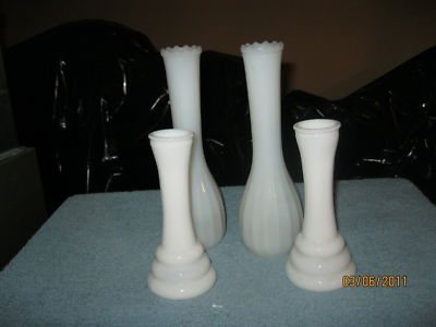 ~4~WHITE MILK GLASS BUD VASES~4~
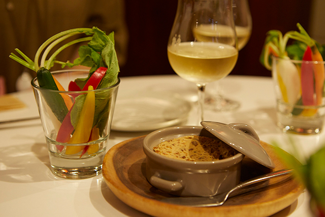 1品目は、野菜スティックに奈良漬けとクリームチーズを和えたディップを添えて。それに、G20大阪の首脳夕食会でも振る舞われた、シャトージュンの白ワイン「甲州2018」を合わせます。2019年にNIPPON OMIYAGE AWARDで食品部門 農林水産大臣賞を受賞した、奈良漬け×クリームチーズの「サロン・ド・アンブレ」には、複数種類のフレーバーがあり、この日はゆず風味をチョイス。ゆずが奏でる柑橘と甲州2018とのマリアージュに、1品目からワインがもたらす食卓の豊かさを実感できました。
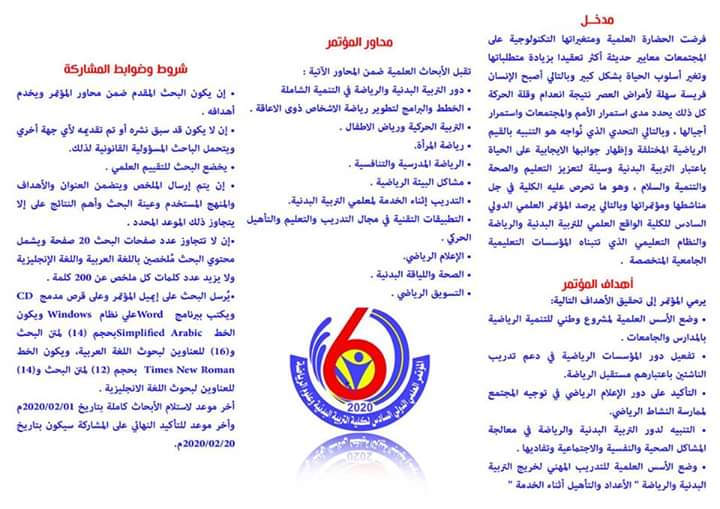 مواعيد : أخر موعد لاستلام الأبحاث كاملة بتاريخ 1/1 2020 م وأخر موعد للتأكيد النهائي على المشاركة سيكون بتاريخ 2/2 /2020م . موعد افتتاح المؤتمر هو 16-3-2020م وموعد الإختتام هو 19-3-2020م

TASK DESCRIPTION
The material above is to be set down exactly, with pictures removed.

ANSWER FOR THE TASK
 ~4~WHITE MILK GLASS BUD VASES~4~
 1品目は、野菜スティックに奈良漬けとクリームチーズを和えたディップを添えて。それに、G20大阪の首脳夕食会でも振る舞われた、シャトージュンの白ワイン「甲州2018」を合わせます。2019年にNIPPON OMIYAGE AWARDで食品部門 農林水産大臣賞を受賞した、奈良漬け×クリームチーズの「サロン・ド・アンブレ」には、複数種類のフレーバーがあり、この日はゆず風味をチョイス。ゆずが奏でる柑橘と甲州2018とのマリアージュに、1品目からワインがもたらす食卓の豊かさを実感できました。
 مواعيد : أخر موعد لاستلام الأبحاث كاملة بتاريخ 1/1 2020 م وأخر موعد للتأكيد النهائي على المشاركة سيكون بتاريخ 2/2 /2020م . موعد افتتاح المؤتمر هو 16-3-2020م وموعد الإختتام هو 19-3-2020م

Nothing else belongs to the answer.